Human Immunome Project unveils plan to map the human immune system

Global research initiative aims to leverage immune monitoring technology and AI to decode the intricacy of the immune system.

In 2003, after 15 years of concerted global research efforts and a cost of around $3 billion, the Human Genome Project produced the first sequence of the human genome. Since then, the field of genomics has been making it possible to predict, diagnose and treat diseases more effectively than ever before.

Today, on World Immunology Day, the global nonprofit scientific initiative Human Immunome Project (HIP) unveiled its scientific plan to map and model the human immune system. The immune system plays a pivotal role in human health, and the decline in its functionality as we age is linked to many age-related and chronic diseases. But, with less than 0.01% of the necessary data available to understand immune function and diversity globally, the complexity of the immune system has posed significant challenges to those seeking to understand it.

The HIP is on a mission to decode the immune system, and claims that recent advancements in immune monitoring and artificial intelligence offer unprecedented opportunities to unravel its intricacies.

“The immune system is the epicenter of human health, and our newly released scientific plan outlines an actionable, global strategy for how we can unlock the secrets of the immune system and harness its power to improve health for all,” said Dr Hans Keirstead, CEO of the Human Immunome Project. 

HIP CEO Hans Keirstead with Board Members Linda Avey, Jane Metcalfe, and Jose-Maria Fernandez.

The HIP’s scientific plan delineates a multifaceted approach, starting with the establishment of a network of global study sites. The sites will capture the diversity of human populations, spanning age, ethnicity, geography, sex and socioeconomic status, to generate comprehensive immunological datasets.

Deploying immune monitoring kits designed to facilitate standardized data collection worldwide, the collaborative effort aims to produce longitudinal datasets, enabling scientists to track developmental and age-dependent changes across diverse populations.
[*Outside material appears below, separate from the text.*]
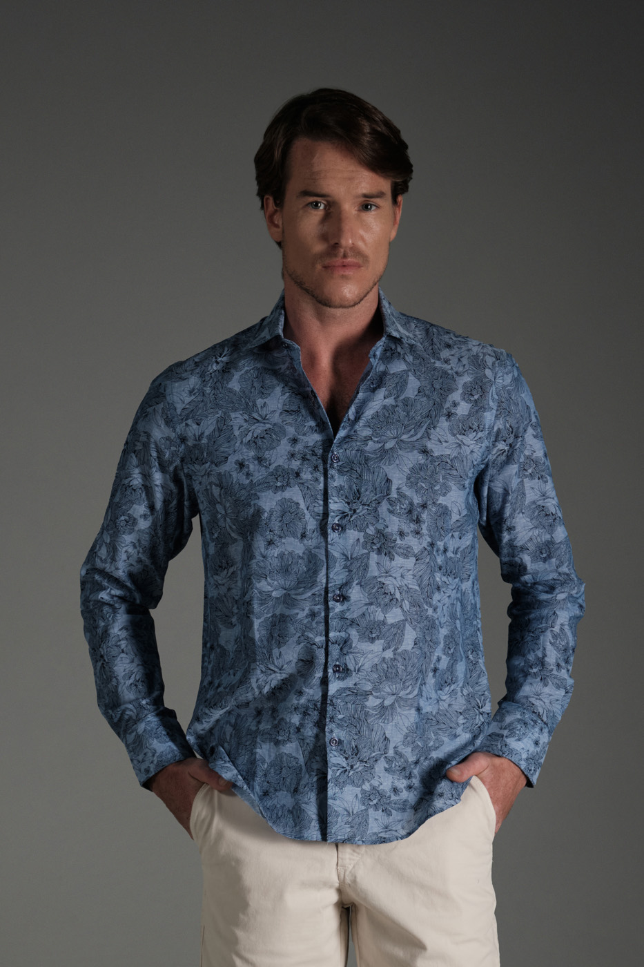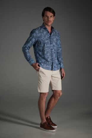 Camisa Classic Lino Flores Azul Navy

The initiative’s initial focus will be on establishing up to 10 pilot sites, strategically located globally, with an emphasis on regions such as the Global South and sub-Saharan Africa. The plan is to expand to more than 100 locations worldwide as the initiative progresses.
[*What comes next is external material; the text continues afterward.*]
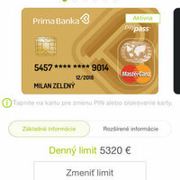 Do Internet bankingu Prima banky sa prihlásite menom, heslom a prihlásenie overíte SMS kódom. Po prvotnom prihlásení si nastavíte 4-miestny PIN a na ďalší vstup do Internet bankingu stačí zadať už len 4-miestny PIN / Touch ID. Maximálny denný limit platieb zadaných cez aplikáciu je 1000 EUR.
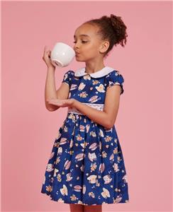 NEW Girls "NAVY TEACUP PRINT" Smocked Dress Size 4T

As data collection progresses, the HIP will embark on developing AI models, initially predictive and later mechanistic, to deepen understanding of immune responses and health trajectories. It is hoped these models will catalyze advancements in drug development, personalized medicine and global health challenges, including maternal health, aging, cognitive decline and disease evolution.

“The Human Immunome Project is at the cutting-edge of scientific discovery and is uniquely positioned to provide the scientific and medical communities with the knowledge and tools to innovate new diagnostics, drugs, vaccines and immunotherapies that can address disease, elongate healthspans, and enable more personalized and more effective healthcare for all,” added Keirstead, who is also Chairman of Immunis, a US biotech targeting age-related immune decline.